Required work ::
Without any pictures, print exactly the lines that run from the start of the data through the line containing "まずは「スマスロ化物語~かぐや様 843~848」が良好な稼働と出玉感に!".
(Record set Opens)
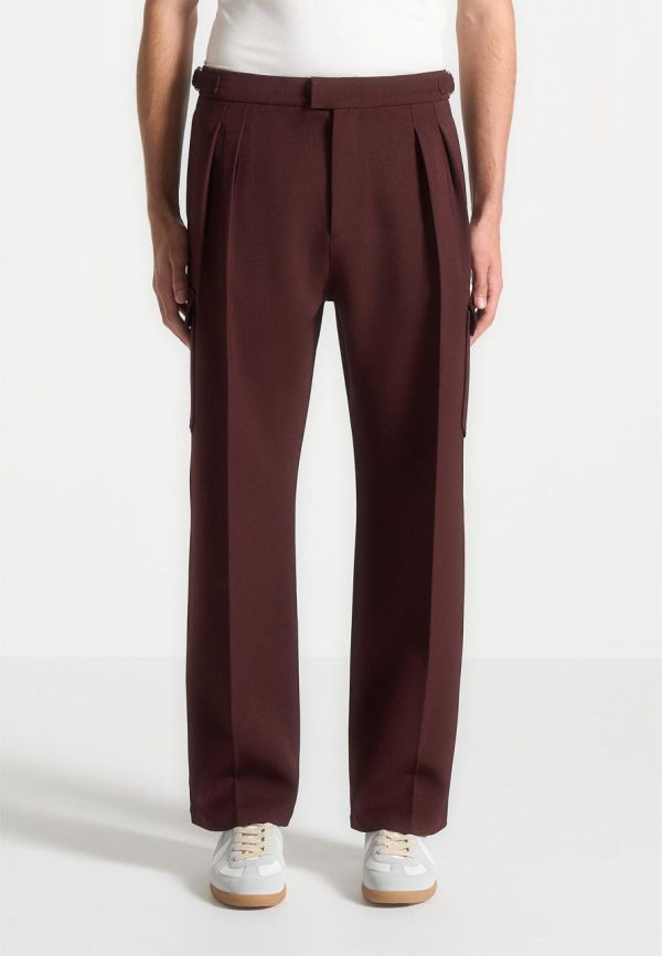 The Relaxed Fit Twill Pocket Trousers in Wine Red combine effortless style with comfort, crafted from premium twill fabric for a durable yet polished look. Designed with convenient side pockets, back welt pockets and an adjustable waistband for a tailored fit, these trousers offer versatile elegance, ideal for both casual and refined ensembles.
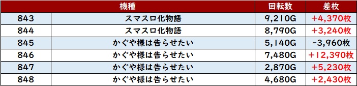 まずは「スマスロ化物語~かぐや様 843~848」が良好な稼働と出玉感に!
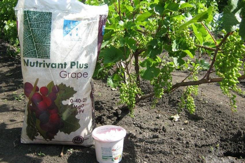 Перед посадкой винограда в грунт рекомендуется добавлять органические удобрения. Также можно применять минеральные препараты. Однако их рекомендуется растворять в воде.
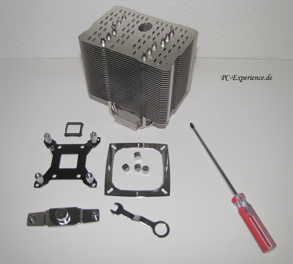 Zuerst sollte an der Backplate die richtige Position für die durchgehenden Bolzen eingestellt werden, also entweder für den Sockel 1366, 1156 oder 775. Diese Bolzen erhalten auch noch dünne Unterlegscheiben. Dann steckt man das Konsortium durch die entsprechenden Bohrungen im Mainboard und befestigt auf den Bolzen die passenden Gegenmuttern. Auf die wird der symmetrische Halterahmen gesetzt und fixiert. Nun kann der Kühler aufgesetzt und über den breiten Befestigungssteg festgezogen werden. Aber Vorsicht, die hintere der beiden Überwurfmuttern mit Federn erreichen wir jetzt nicht mehr, hier kommt der mitgelieferte Schraubendreher zum Einsatz. Sollte der Anpreßdruck nicht ausreichen, kann er über die zentrale große Stellschraube in der Mitte korrigiert werden. Auch hier gilt: Vorsicht ist die Mutter aller Porzellankisten.
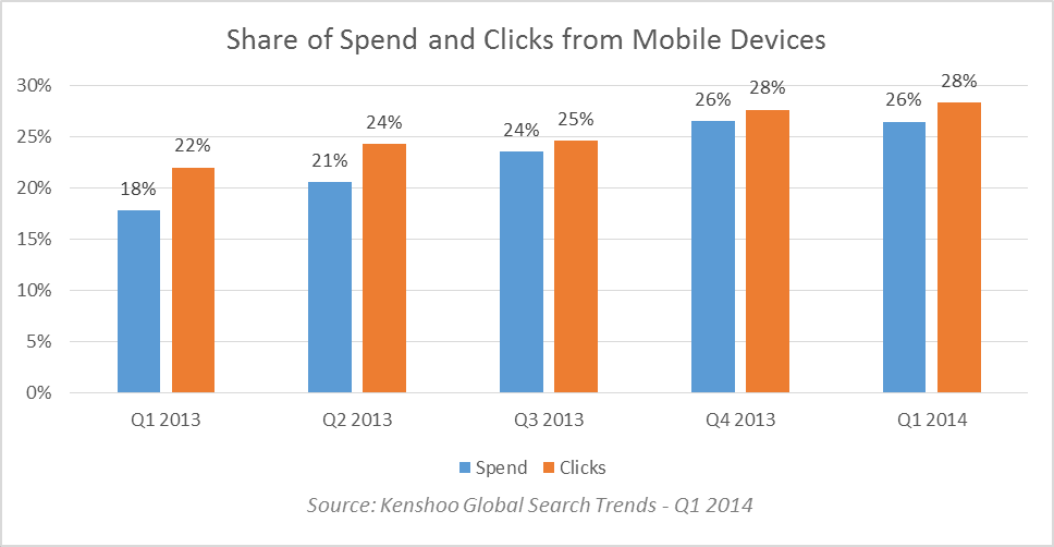 As the proliferation of smartphones and tablets continues unabated, search marketers are devoting more of their resources to these devices. In the first quarter of 2013, mobile share of clicks stood at 22% globally, while the percentage of search spend was 18%. This year, those numbers increased to 28% and 26%, respectively.
(Record set Closes)
Expected output ::
 The Relaxed Fit Twill Pocket Trousers in Wine Red combine effortless style with comfort, crafted from premium twill fabric for a durable yet polished look. Designed with convenient side pockets, back welt pockets and an adjustable waistband for a tailored fit, these trousers offer versatile elegance, ideal for both casual and refined ensembles.
 まずは「スマスロ化物語~かぐや様 843~848」が良好な稼働と出玉感に!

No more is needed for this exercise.